Nothing but the lines below from the first through the one with "Description: By wearing" should appear, printed exactly; please leave pictures out.

[Opening Records section]

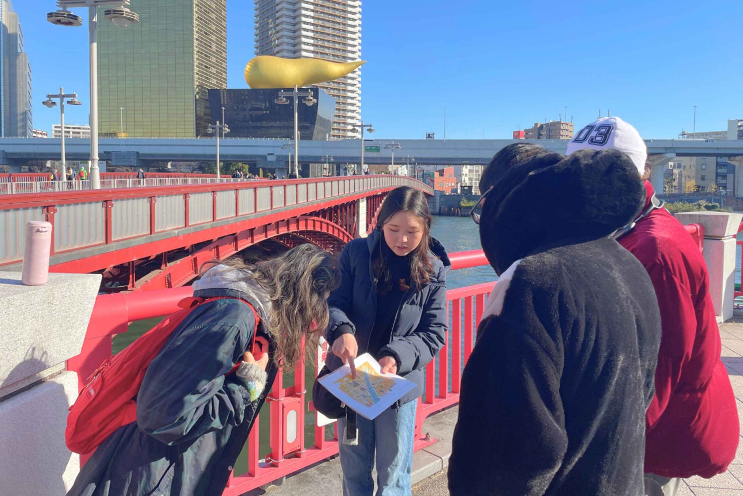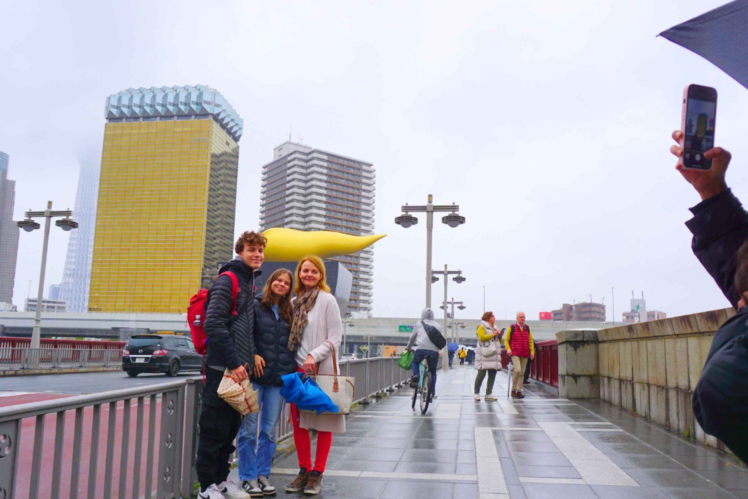 Nous commencerons au pont Azumabashi, avec une vue sur la Tokyo Skytree depuis les rives du fleuve, pour observer le « caca doré » (oui, c'est ainsi que les habitants l'appellent), puis nous nous rendrons au sommet du centre d'information touristique d'Asakusa pour profiter d'un point de vue caché sur l'ensemble du quartier du temple !
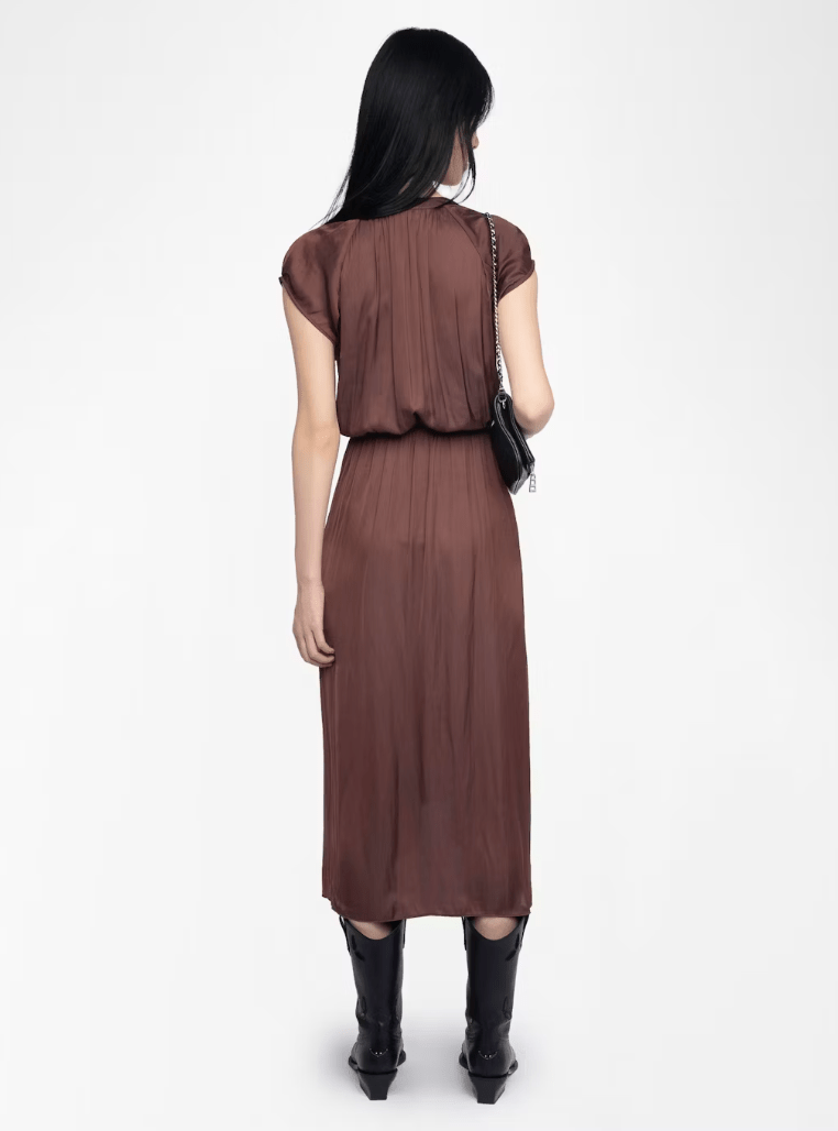 This mid-length satin dress from ZADIG & VOLTAIRE embodies contemporary sophistication. Featuring a refined V-neckline and comfortable raglan short sleeves, the design is elevated by an asymmetrical ruffled skirt that introduces graceful movement. The sumptuous satin fabric creates a polished drape, making this piece an essential choice for elevated occasions and modern wardrobes.
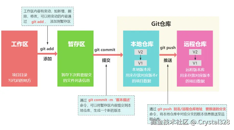 git commit命令,用来将暂存区的内容提交到本地仓库,git commit后暂存区和本地版本库的内容是一致的
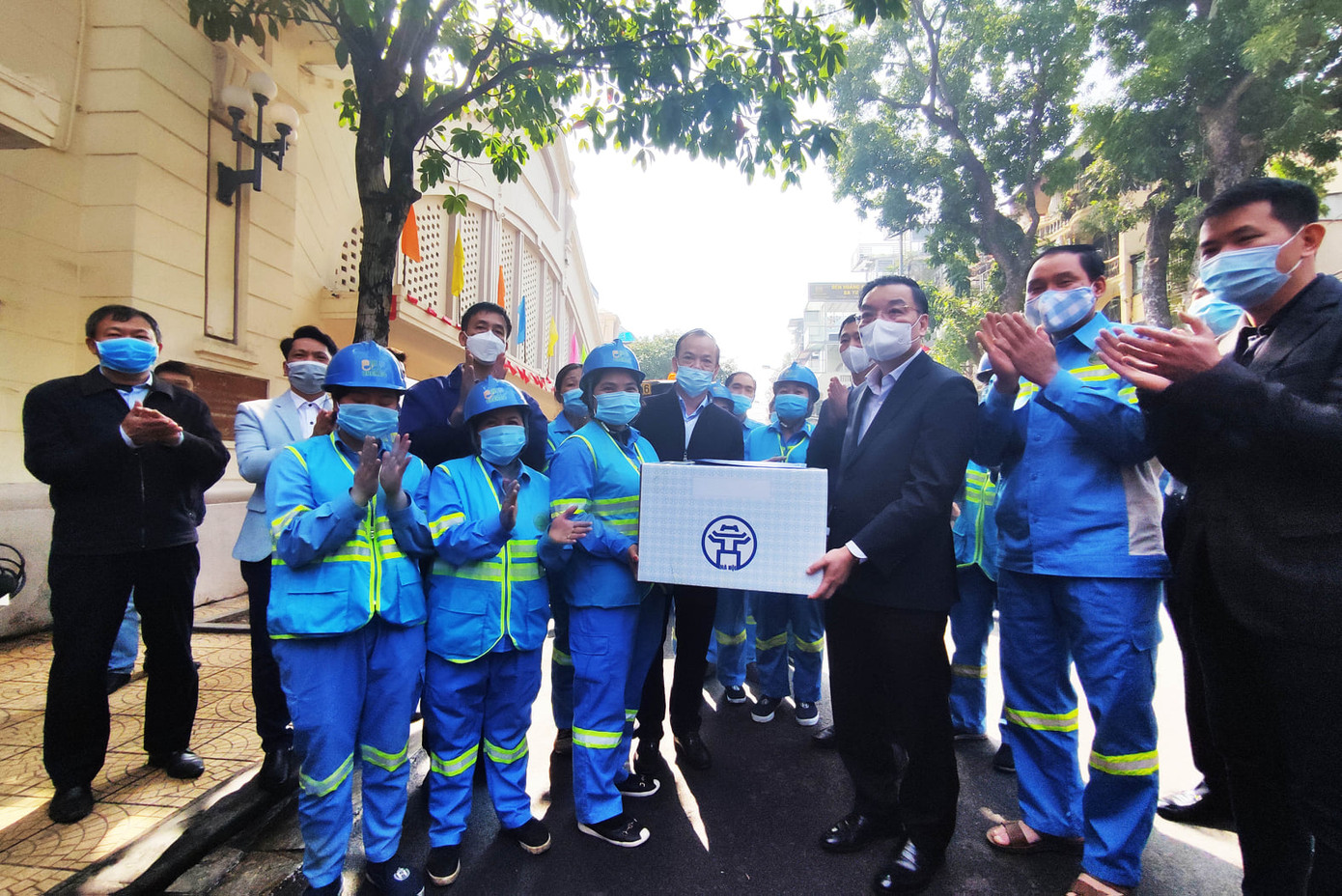 Cũng trong sáng nay, Chủ tịch UBND thành phố Chu Ngọc Anh đã đến động viên, tặng quà và mừng tuổi các công nhân Tổ sản xuất số 7, chi nhánh Hoàn Kiếm của Cty TNHH MTV Môi trường Đô thị Hà Nội (Urenco) làm việc tại khu vực chợ Đồng Xuân (quận Hoàn Kiếm).
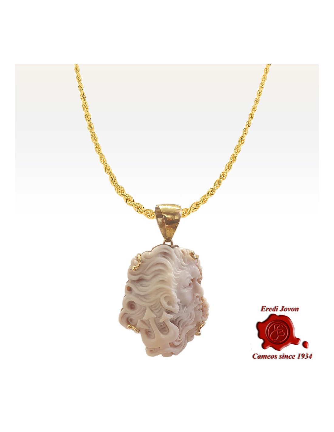 Description: By wearing this exquisite cameo, you carry with you an emblem of pure strength, capable of expressing your power in an inimitable way. Three-dimensional art gives the face of Poseidon an enveloping presence, transforming him into a majestic and powerful figure, with the trident emerging decisively, capturing every aspect of his imposing presence. Perfect for special occasions or to add a touch of class to every day, this jewel reflects the true spirit of Made in Italy craftsmanship, combining quality and creativity in a stunning and timeless design. A true tribute to the beauty and mystery of mythology, the Poseidon Cameo is designed for those who love to wear masterpieces that not only express style, but also tell a story of quality and uniqueness. Add this masterpiece to your collection today!
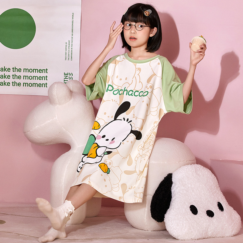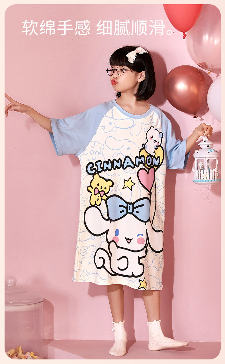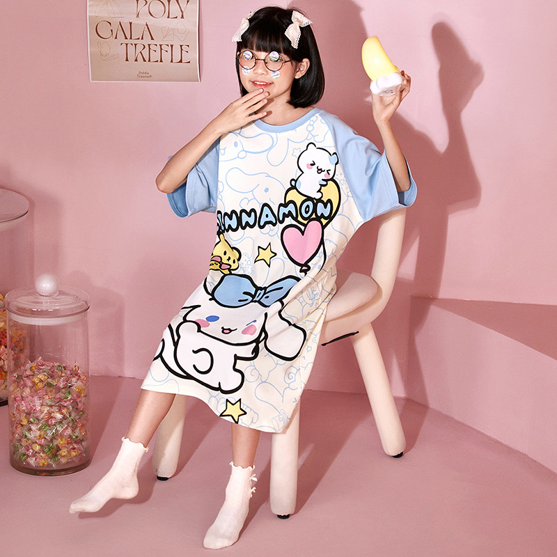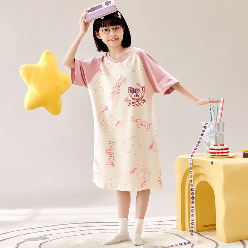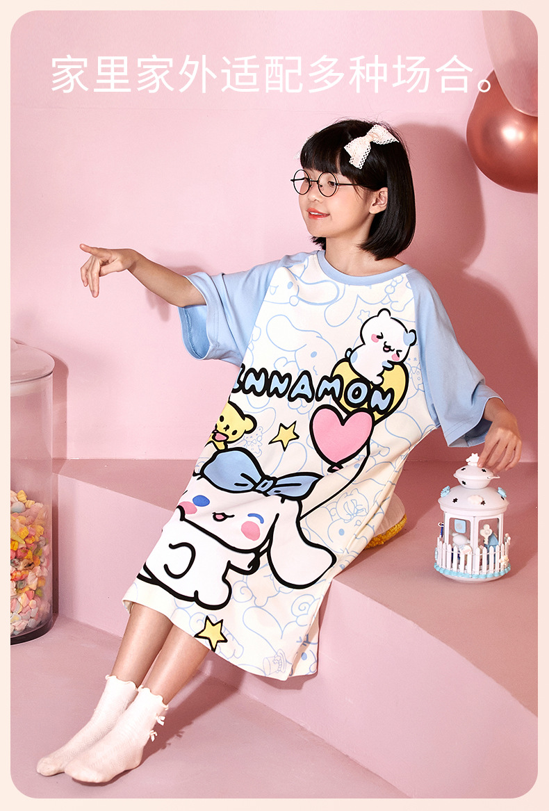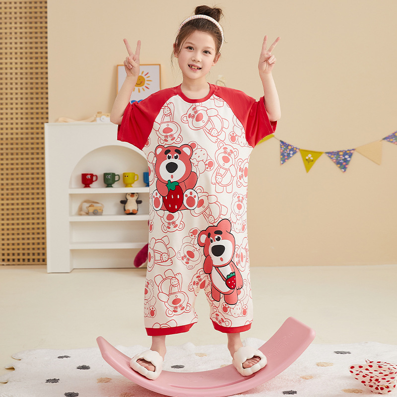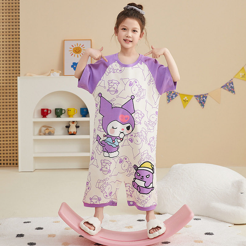 귀여운 만화 소녀 잠옷 반팔 반바지 세트, 중소 및 대형 어린이를위한 여아 집 옷을 풀 수 있습니다스토어 가기

[Closing Records section]

◆ Task solution
 Nous commencerons au pont Azumabashi, avec une vue sur la Tokyo Skytree depuis les rives du fleuve, pour observer le « caca doré » (oui, c'est ainsi que les habitants l'appellent), puis nous nous rendrons au sommet du centre d'information touristique d'Asakusa pour profiter d'un point de vue caché sur l'ensemble du quartier du temple !
 This mid-length satin dress from ZADIG & VOLTAIRE embodies contemporary sophistication. Featuring a refined V-neckline and comfortable raglan short sleeves, the design is elevated by an asymmetrical ruffled skirt that introduces graceful movement. The sumptuous satin fabric creates a polished drape, making this piece an essential choice for elevated occasions and modern wardrobes.
 git commit命令,用来将暂存区的内容提交到本地仓库,git commit后暂存区和本地版本库的内容是一致的
 Cũng trong sáng nay, Chủ tịch UBND thành phố Chu Ngọc Anh đã đến động viên, tặng quà và mừng tuổi các công nhân Tổ sản xuất số 7, chi nhánh Hoàn Kiếm của Cty TNHH MTV Môi trường Đô thị Hà Nội (Urenco) làm việc tại khu vực chợ Đồng Xuân (quận Hoàn Kiếm).
 Description: By wearing this exquisite cameo, you carry with you an emblem of pure strength, capable of expressing your power in an inimitable way. Three-dimensional art gives the face of Poseidon an enveloping presence, transforming him into a majestic and powerful figure, with the trident emerging decisively, capturing every aspect of his imposing presence. Perfect for special occasions or to add a touch of class to every day, this jewel reflects the true spirit of Made in Italy craftsmanship, combining quality and creativity in a stunning and timeless design. A true tribute to the beauty and mystery of mythology, the Poseidon Cameo is designed for those who love to wear masterpieces that not only express style, but also tell a story of quality and uniqueness. Add this masterpiece to your collection today!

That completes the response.